Следом в заваривающуюся кашу ныряет высший демон Дон Маларья. Таинственный колдун — его новый хозяин — думает, будто может контролировать такое могущественное существо. Но это старый трюк: Маларья лишь выждет удобный момент и самолично наложит лапу на сокровище из вазы. А уже потом исполнит свою клятву относительно меня.
Пока неясна была роль грызущихся между собой Обезьяна с кучей механических летучих тварей и оберонов.
— Да забудьте вы об этой вазе, — прервал мои размышления Икрамов. Он нетерпеливо побарабанил ручкой по столу.
Я скрестил руки на груди и с укором посмотрел на него.
— Только не говорите, что Рита тоже в списке главных подозреваемых. Сколько их у вас? Каждый встречный?
— Я не обратил бы на неё внимания, если бы не один нюанс: за неделю до своей смерти Караев написал завещание, где оставил свой бар в наследство угадайте кому?
— Неужели Рите?!
Следователь кивнул.
— Более того, был опознан расстрелянный бомж. Он оказался совсем не бомжем. Представьте: живёт на свете человек, работает себе в нотариальной конторе, жена красавица, дети умницы — жизнь удалась.
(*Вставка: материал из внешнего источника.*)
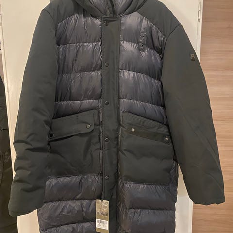Svart pufferjacka från Moose Knuckles med hög krage, stor huva och dragkedja framtill. Jackan har quiltad design, bröstficka med dragkedja och två stora fickor med lock. Perfekt för kalla dagar och riktigt varm.

Как вдруг наряжается этот человек в лохмотья и уходит на улицу, оставляя семье только записку, мол: «Прости, прощай». А через неделю мы находим его труп.
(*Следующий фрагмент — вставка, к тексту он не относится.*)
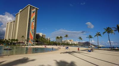 ヒルトンラグーンの前のビーチでヒルトンの宿泊客などで人はそれなりに多いですががワイキキのビーチよりは空いています。全米 ビーチランキングにも何度も入っているほど綺麗なビーチなのでヒルトンレインボータワーと海を一緒に写真に撮るととってもいい雰囲気です。夕暮れ時にはもっと素敵です。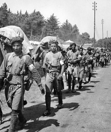 Goumiers marocains sur une route du Var.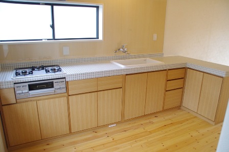 リビングとの心地よい境界を意識しキッチンはわずかにL字に配しました。

— Интересно, — пробормотал я.
— Дальше ещё интереснее, — Икрамов придвинулся ближе, почти опёршись животом на стол. — За несколько дней до своего ухода именно он заверял завещание Караева! Как вам такое, а? Но заглянем глубже, этот же самый нотариус помогал Караеву с оформлением документов на тот злосчастный бар. И работал он тогда с неким Айвазом Озаняном. Хотите знать имя третьей жертвы? Айваз Озанян. Мы выяснили, что все трое прибыли из Москвы в Ташкент в девяносто четвёртом с разницей максимум в месяц.
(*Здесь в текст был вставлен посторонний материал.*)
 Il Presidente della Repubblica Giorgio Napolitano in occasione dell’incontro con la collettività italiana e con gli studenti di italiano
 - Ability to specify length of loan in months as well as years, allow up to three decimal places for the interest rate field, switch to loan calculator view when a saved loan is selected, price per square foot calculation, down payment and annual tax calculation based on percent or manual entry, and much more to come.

Он выгнул бровь, ожидая от нас реакции.
— Они все связаны, — неторопливо проговорил я. — Что и требовалось доказать. Но при чем здесь Рита?
— Мы не исключаем возможности её непреднамеренного участия. Всё равно здесь что-то не вяжется. Если официантка и решила преступным путём завладеть каким-то замшелым баром (что само по себе нелепо), ей не к чему убивать третьих лиц. Кстати! — следователь схватил со стола папку, раскрыл её и продемонстрировал фотографии изувеченного трупа. — Мы нашли утреннего снайпера.
Я цокнул языком.
— Зачем же вы с ним так жестоко?
— Тело выкинули из фургона, проезжавшего над каналом Актепе. К счастью, бросавшие не рассчитали силы и, вместо того, чтобы перелететь через перила моста в реку, окровавленный мешок шлёпнулся на тротуар.
— Как же вы определили, что это именно наш снайпер? — спросил я, изучая фотографии. На груди трупа красовался большой круглый синяк, в котором четко просматривались соединения разных геометрических фигур. Если это и правда был тот самый снайпер, то синяк мог быть оставлен каким-то амулетом. Возможно даже, тем же, о котором рассказывал Лао.
— А вот это то, что поставило в тупик патологоанатома, — Икрамов положил передо мной ещё одну папку — заключение о вскрытии. — Помните, я подстрелил его? Помните, как он упал на забор?
Я кивнул, перерисовывая на обратную сторону визитки Лао формы синяка.
— Всё это зажило.
Мой взгляд невольно переместился на Икрамова.
— Вы не ослышались. На правой руке шрам от пулевого ранения, а позвоночник… Патологоанатом чуть с ума не сошёл, когда его увидел. Половина позвонков будто бы сначала была раздроблена, а потом склеена обратно. Человек не мог выжить после такой травмы, не то, чтобы восстановиться. А если учитывать, что всё это произошло с ним менее, чем за восемь часов до окончательной смерти…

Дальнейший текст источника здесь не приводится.